I continue to feel great! Dave and I spent last weekend going to a sarcoma conference and a gala benefit where we got to meet many medical specialists from around the world. It was both inspiring and sobering. So many people had heard about the success of Spin4Survival which was so great. I continue to realize just how much the $200K+ that we all raised is making a difference in the world for so many. Stay tuned for more news about Spin4Survival II. The video was just completed and it looks great. I am hoping to post it in the next week.

May 13, 2007

May 13th - Looking for a Happy Medium

I just finished my 4th round of chemotherapy on Friday. I am sitting home dealing with the unfortunate side effects that accompany the first few days after my “big dose” treatment. The steroids I used to take would make me jittery and keep me up all night…however, they also prevented nausea. Since I did not like them, my doctor agreed to lower my dosage. However, now, I am up all night feeling nauseous! It’s a trade-off between insomnia and nausea and I chose nausea. At least this only lasts for a few days.

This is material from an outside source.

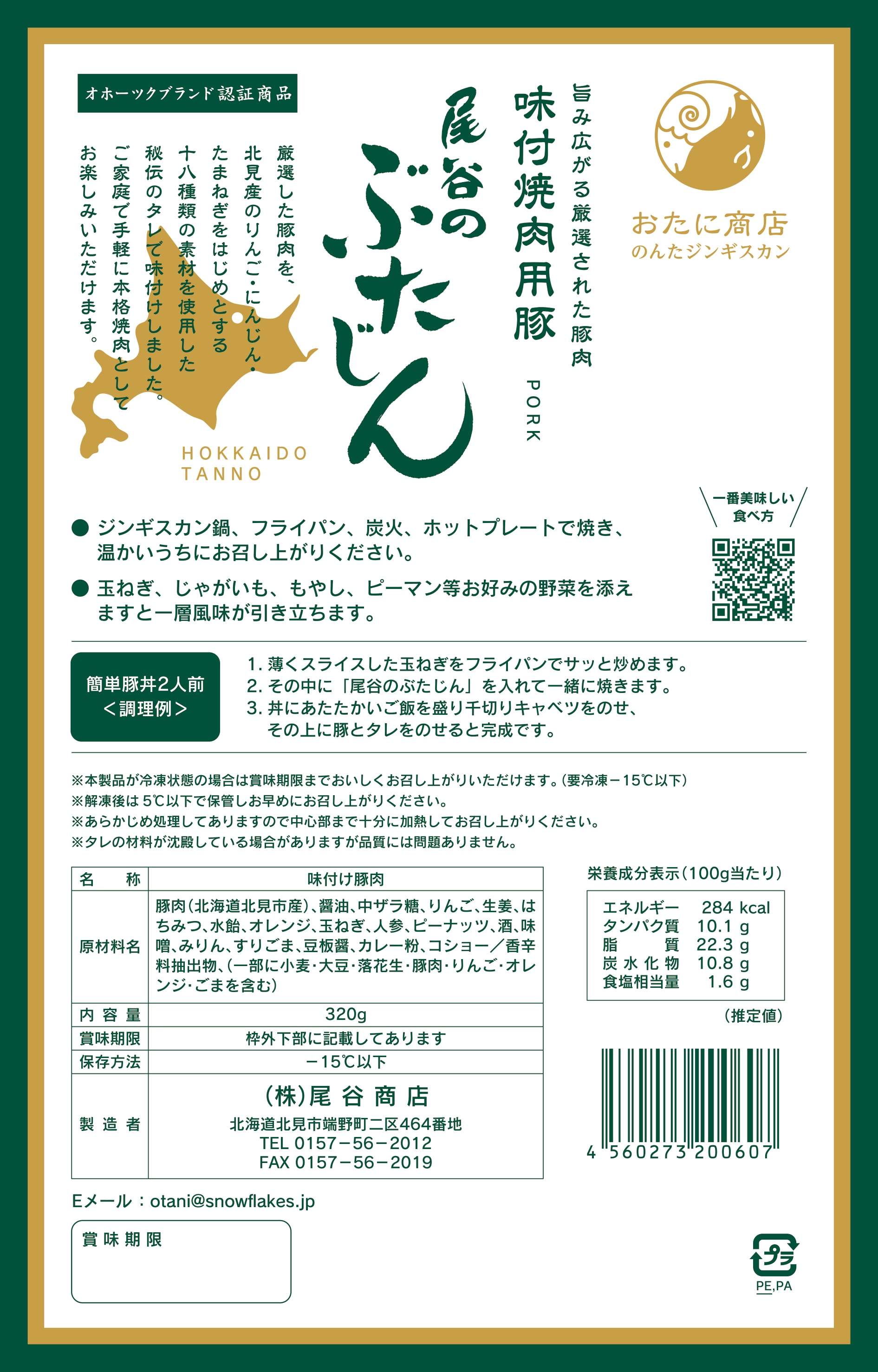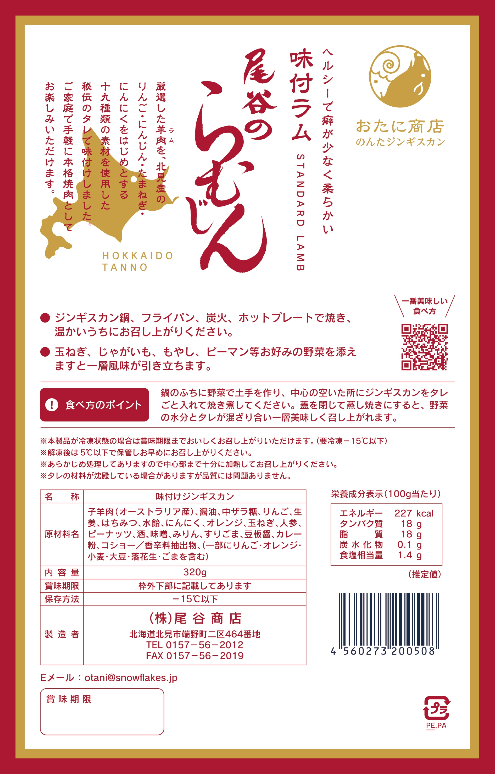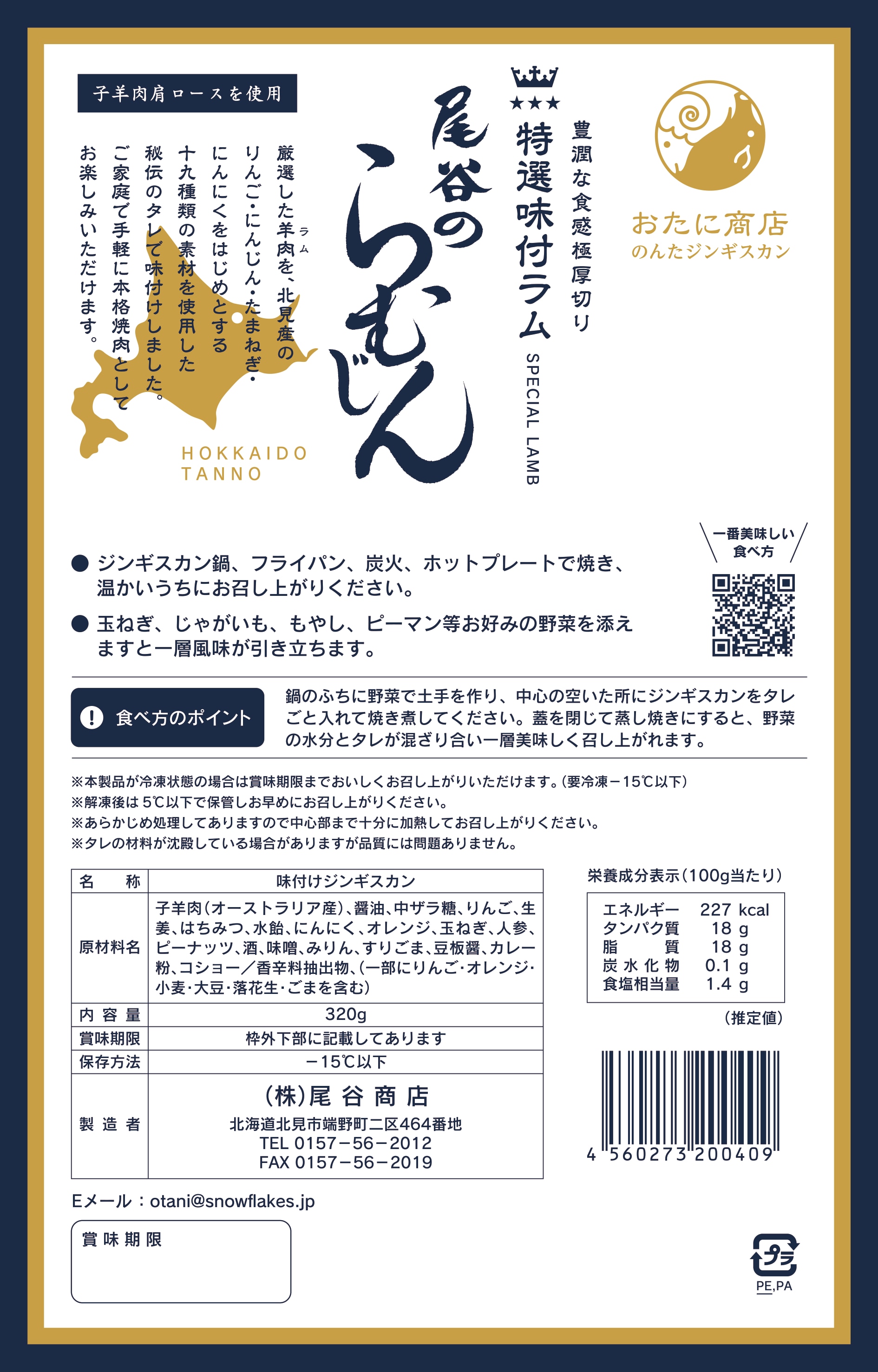 株式会社尾谷商店様が製造し、販売するジンギスカン「らむじん特選味付けラム」が、2025年度の味付けジンギスカングランプリで準グランプリを受賞しました。厳選した羊肉を、北見産のりんご・にんじん・たまねぎ・にんにくをはじめとする十九種類の素材を使用した秘伝のタレで味付けしたこだわりのジンギスカンです。

I have been very aware of the fact that I have been acting schizophrenic lately. Don’t worry, all of the treatments have not contributed to giving me a mental disorder. However, I feel like I am often giving mixed signals to people regarding how I want to be treated during this process. Most of the time, I want to be treated “normal” and I don’t want people to dwell on my disease. However, sometimes, I wouldn’t mind a little special treatment. Here are a few examples that bring this predicament to life:

  • I get frustrated when Dave and I go out with friends for dinner and he doesn’t notice that I am getting tired and need to go home. But on those nights that he constantly checks in with me, I get annoyed with him.
  • I love Gustavo, a personal trainer that helps me stay fit, because he pushes my physically despite my cancer. He doesn’t notice that I don’t have hair and that sometimes I am weak…every time I see him he challenges me to get stronger. However, when he pushes me a bit too far, and tries to get me to do an exercise that I don’t have the strength to do, I get really angry.
  • I made such a point of telling my friends and family NOT to check in with me constantly and treat me differently this 2nd time around but, I have to admit that I miss the phone calls, letters and care packages that people used to send.

I find that my moods and desires can turn on a dime and I can never anticipate how I am going to feel ahead of time. The truth is that I want so much for this disease not to slow me down that sometimes I don’t like to admit to myself that I am not feeling 100% or that I have a valid “excuse” for not feeling strong, or for feeling tired.

I am constantly asking myself, "What's the Happy Medium?" - what behavior should I exhibit that would be a good compromise between how I really feel and how I wish I was feeling.

So, please bear with me and be patient as I work through these mood swings that I am experiencing. And please check in with me…it is always nice to hear from people who love you.